Medtronic Recalls StrataMR Adjustable Valves and Shunts Which May Cause Fluid Buildup in the Brain
The FDA has identified this as a Class I recall, the most serious type of recall. Use of these devices may cause serious injuries or death.
- Recalled Product: StrataMR Adjustable Valves and Shunts
- Device Model Numbers: Valve, Small - 42955; Valve, Regular - 42965; Shunt Assembly, Small - 46955; Shunt Assembly, Regular - 46965, Snap Shunt Assembly, Small - 46960; Snap Shunt Assembly, Regular - 46970
- Lot Numbers: E03581, E03582, E04352, E04353, E05120, E05121, E06015, E06016, E06138, E06139, E06412, E06476, E09475, E09619, E11655, E11656, E12041, E12265, E12266, E12272, E12273, E12556, E12620, E12752, E12753, E12779, E12780, E12932, E12933, E12934, E12935, E12950, E12951, E12952, E12953, E13482, E13483, E13484, E13485, E13573, E13576, E13641, E13698, E14270, E14518, E14519, E14748, E16247, E18555, E18556, E18557, E18558, E18559, E18560, E19084, E19540, E19670, E19671, E19866, E19867, E22208, E22242
- Manufacturing Dates: October 27, 2015 to November 11, 2016
- Distribution Dates: January 7, 2016 to February 21, 2017
- Devices Recalled in the U.S.: 1,796 units
Medtronic StrataMR adjustable valves and shunts are used in the management of hydrocephalus. The device provides continuous cerebrospinal fluid flow from the ventricles of the brain into the right atrium of the heart or peritoneal cavity. The design allows the health care provider to non-invasively adjust the valve pressure with a magnetic tool.
Reason for Recall
Medtronic is recalling the StrataMR Adjustable Valves and Shunts due to a design problem which may cause the valve opening pressures to be higher than specified and increase the resistance to the cerebrospinal fluid flow. If this occurs, there is the potential for under-drainage of fluid. Underdrainage occurs when the cerebral spinal fluid is not removed quickly, fluid builds up in the brain cavity and the symptoms of hydrocephalus recur. The use of affected product may cause serious adverse health consequences, including headaches, nausea, vomiting, coma, and death.
Who May be Affected
- Health care providers using StrataMR Adjustable Valves and Shunts
- All patients undergoing procedures involving StrataMR Adjustable Valves and Shunts
What to Do
On, February 22 2017, Medtronic sent an Urgent Medical Device Recall letter to affected customers. The notice also asked customers to:
- Discontinue use of the affected product.

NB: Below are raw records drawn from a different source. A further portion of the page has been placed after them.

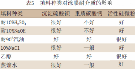 2.3.1填料的品種對涂膜耐介質性能影響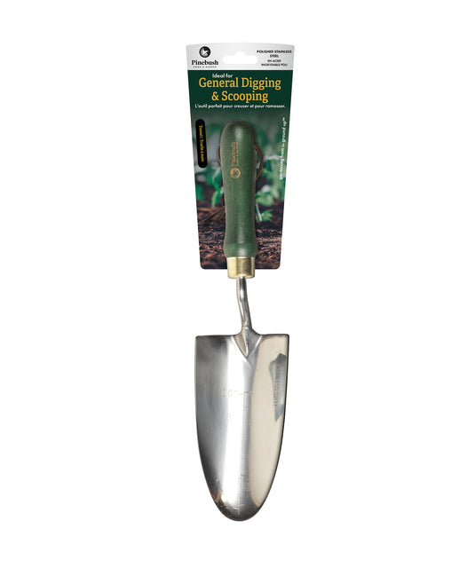 This general purpose trowel features a beech handle with a leather strap and a polished, stainless steel blade. Ideal for digging and scooping.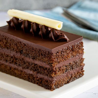 Layers of dark chocolate ganache and moist chocolate sponge cake. Allergens - Eggs, Wheat, Dairy, Soy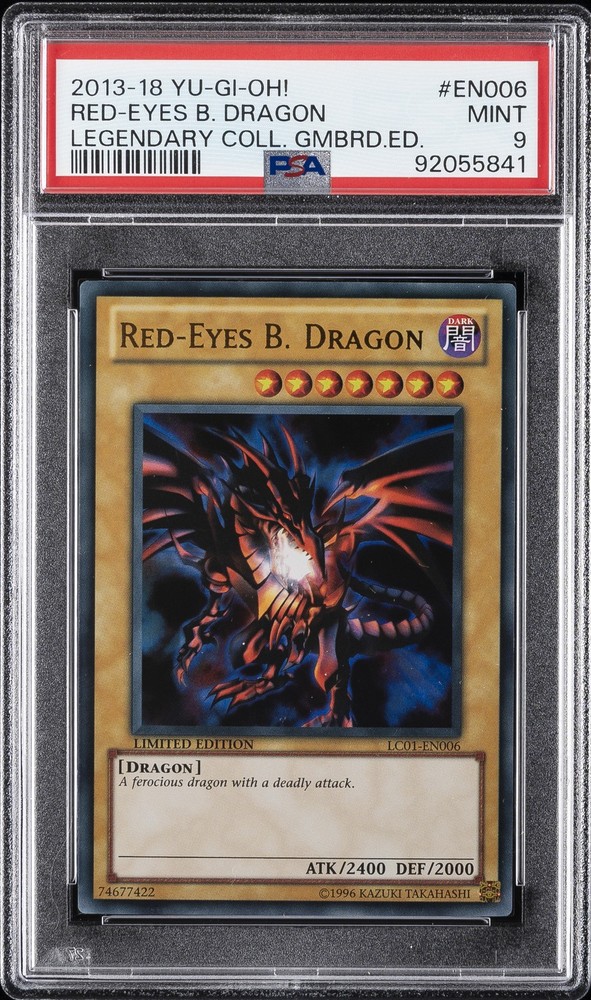 2013-2018 YU-GI-OH! LEGENDARY COLLECTION GAMEBOARD EDITION #EN006 RED-EYES B. DRAGON PSA 9 2013-2018 YU-GI-OH! LEGENDARY COLLECTION GAMEBOARD EDITION #EN006 RED-EYES B. DRAGON PSA 9 Purchase Info Thank you for your interest in bidding on this item consigned with PSA! By bidding on this item, you acknowledge and agree to the following terms: All sales are final. Returns not accepted. Payment must be made within 7 days of auction close. All items are sold "as is" and without warranty of Collectors Universe, Inc. (d/b/a PSA), and ANY AND ALL IMPLIED WARRANTIES ARE DISCLAIMED AND EXCLUDED. Sales tax may apply depending on shipping address. PSA does not guarantee that another third-party grading company's authentication or certification of an item as genuine is correct or accurate. Neither a difference of opinion between third-party grading companies about authenticity, nor a company's subsequent reversal of its earlier authentication or certification of an item, will be a basis for rescinding a sale. Any dispute with another third-party grading company relating to the authenticity of an item must be resolved directly with that other company. Collectors' maximum liability in the event of loss or damage to an item during shipping will be the lesser of (a) the price paid for the item and (b) the change in fair market value of the item. You release Collectors from all other liability including for any claims of punitive damages, emotional distress, consequential damages, lost profits, or lost interest, except as prohibited by law. Shipping Purchased Items will be shipped directly from PSA Vault. You stay hands-free. PSA Vault When you purchase this item, you can save on sales tax and selling fees by keeping it in the PSA Vault, official Vault of eBay. Items already in PSA Vault and will be sent to PSA Vault will have no shipping charge Storage of any items with the PSA Vault will be subject to the PSA Vault Terms of Service. Consignment PSA has competitive auction rates on the world's largest collectibles marketplace with the option to list from the PSA Vault or immediately after PSA authentication and grading. Sale Price Under $100 $100 - $499 $500 - $999 $1,000 - $2,499 $2,500 - $4,999 $5,000+ Seller Fee 13% + $3 flat 13% 12% 10% 9% 7% Sellers pay a single fee as reflected above; no additional eBay fees are incurred.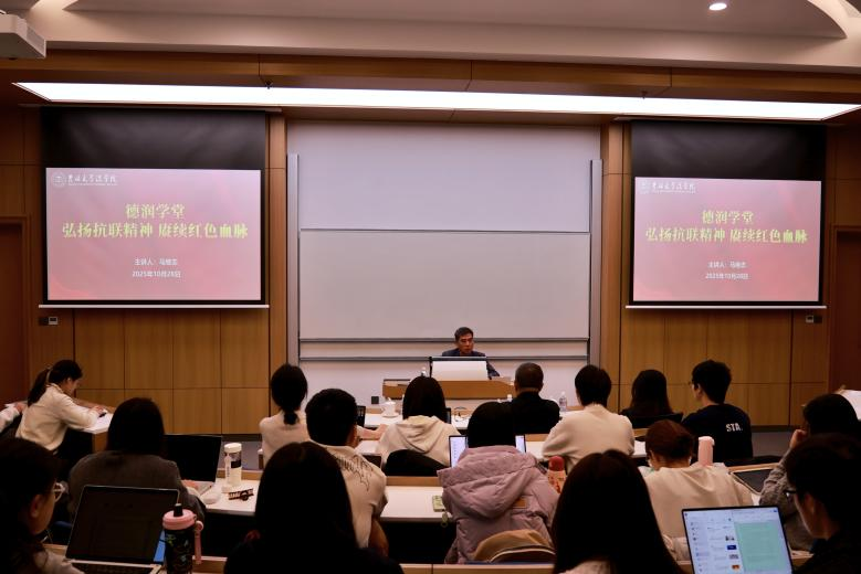 党委高度重视,党委书记张杰,党委副书记兼副院长马旭,党委副书记张俊峰,徐卫东教授及商法教研部党支部教师,与百余名学生共同聆听。未来,学堂将持续挖掘地域红色资源,通过“后代讲历史”“专家释精神”“实践悟初心”等形式,让红色文化浸润校园,激励青年学子在新征程上传承红色薪火、书写奋斗华章。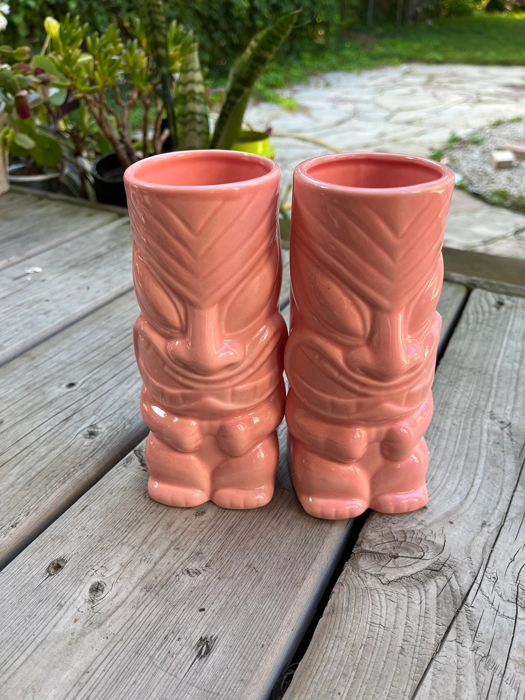 Set of 2 pink tiki mugs. These mugs are great for serving drinks, adding a touch of tropical decor to your home, or just for a fun conversation piece! Brand new with no defects.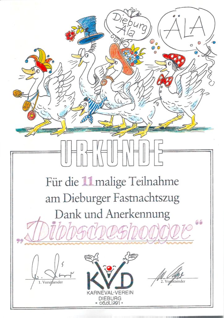 Unsere Urkunde des KVD für unsere 11-malige Teilnahme am Dieburger Fastnachtszug.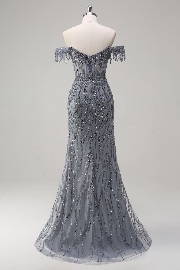 Champagne Beaded Mermaid Gown | Off-the-Shoulder Evening Dress with High Slit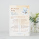 Bring smiles and friendly competition to your baby shower with this “Would She Rather” game card. Featuring a sweet watercolor elephant swinging on a cloud with soft golden stars, the design captures a dreamy nursery vibe while guests guess the mom-to-be’s preferences. A fun and charming baby shower activity.

- Account for the number of product units implanted or discarded, and return any unused products by completing individualized customer product accountability form provided in Attachment A of the letter.
- Return unused products to Medtronic.
- If any of the indicated products have been implanted in patients, see the valve adjustments instructions in Attachment B for continued patient care.

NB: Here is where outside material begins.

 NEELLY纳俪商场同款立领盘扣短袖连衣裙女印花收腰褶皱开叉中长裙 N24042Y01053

Customers with questions related to this recall are instructed to contact Medtronic by phone at 1-800-335-9557 between the hours of 8am and 6pm (EST) or by e-mail at RS.MNSFCA@Medtronic.com.
Date Recall Initiated
February 22, 2017
How do I report a problem?
Health care professionals and consumers may report adverse reactions or quality problems they experienced using these devices to MedWatch: The FDA Safety Information and Adverse Event Reporting Program either online, by regular mail or by FAX to 1-800-FDA-0178.